I had to actually go back and rewatch some clips from the movie version of this book because I was surprised to find out that the two characters were British. And very British!
In the movie, apparently, Allnut (Humphrey Bogart’s character) is Canadian (something I also didn’t remember) because Bogart couldn’t do an accent, which makes sense. Katharine Hepburn’s Rose Sayer remains British. And she has to be British, because the order and tradition she tries to maintain, a sense of decorum, but most important her sense of patriotism is the driving factor in the whole novel. We begin with Rose tending to her brother as he dies (a prefiguration of things to come) on his missionary service in central Africa. She laments the death, weighs her options, and decides to enlist Allnut to help her leave. Allnut is a perfectly nice and well-meaning cockney ship’s captain who promises to get her out of there. They are waylaid by Rose’s decision to try to destroy a German ship that is patrolling a large central waterway. So she enlists Allnut instead to help her build a torpedo to destroy the ship.

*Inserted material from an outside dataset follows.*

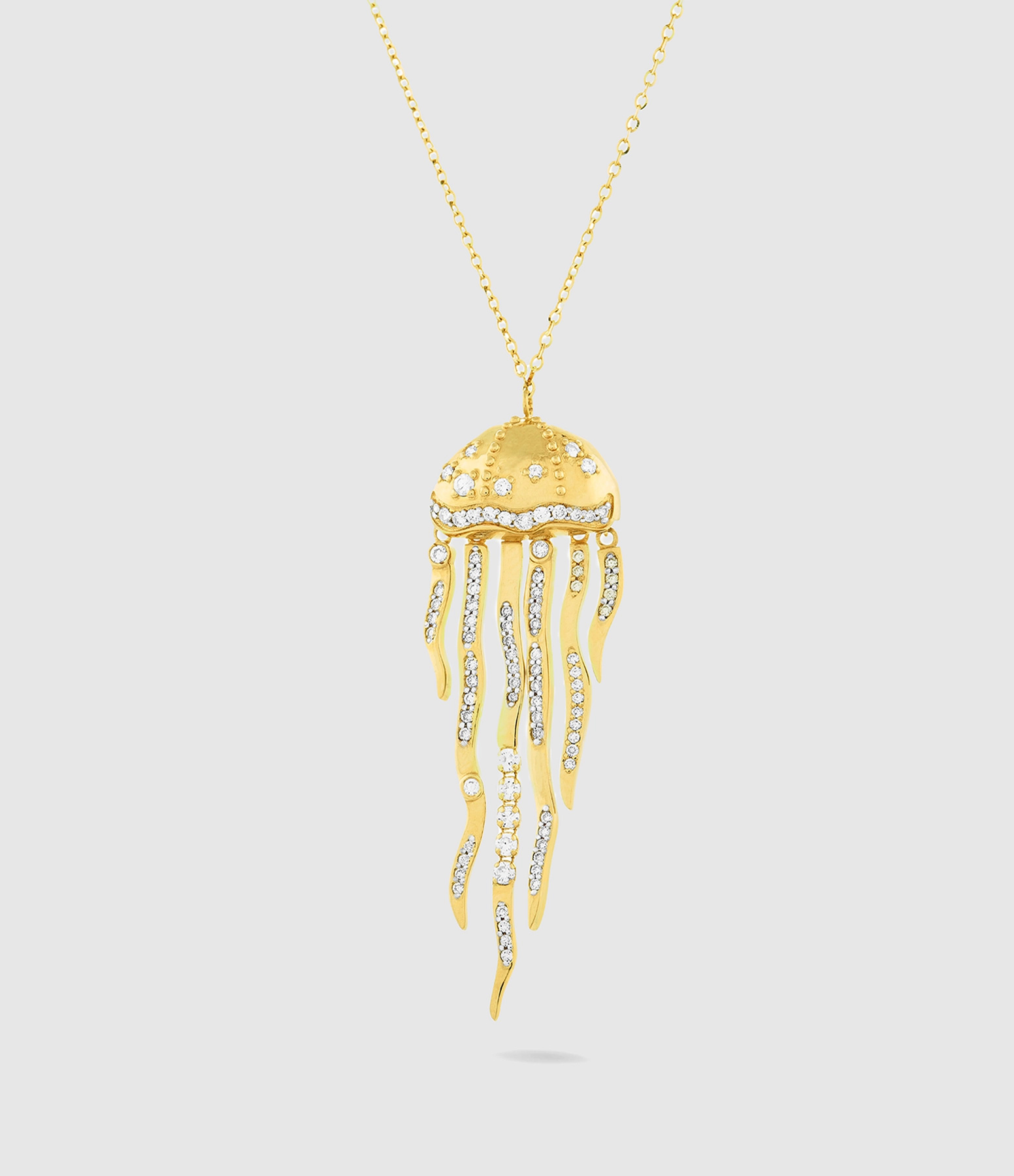 Collier en or jaune avec pendentif en forme de méduse serti de diamants. Fermoir à ressort rond.

So this novel works on the class angle pretty heavily, and the movie does too, but Allnut doesn’t really have the kind of disdain for Rose here as I recall him having in the movie. He just doesn’t think it’s wise to risk anything to destroy the ship. And he’s right! It’s not!
Anyway, this is book is quite readable and while it mostly ignores the complicated politics of colonial Africa, it still manages to throw in some casual, if brief, racism, without bothering to think much about whether or not there’s any morality to consider.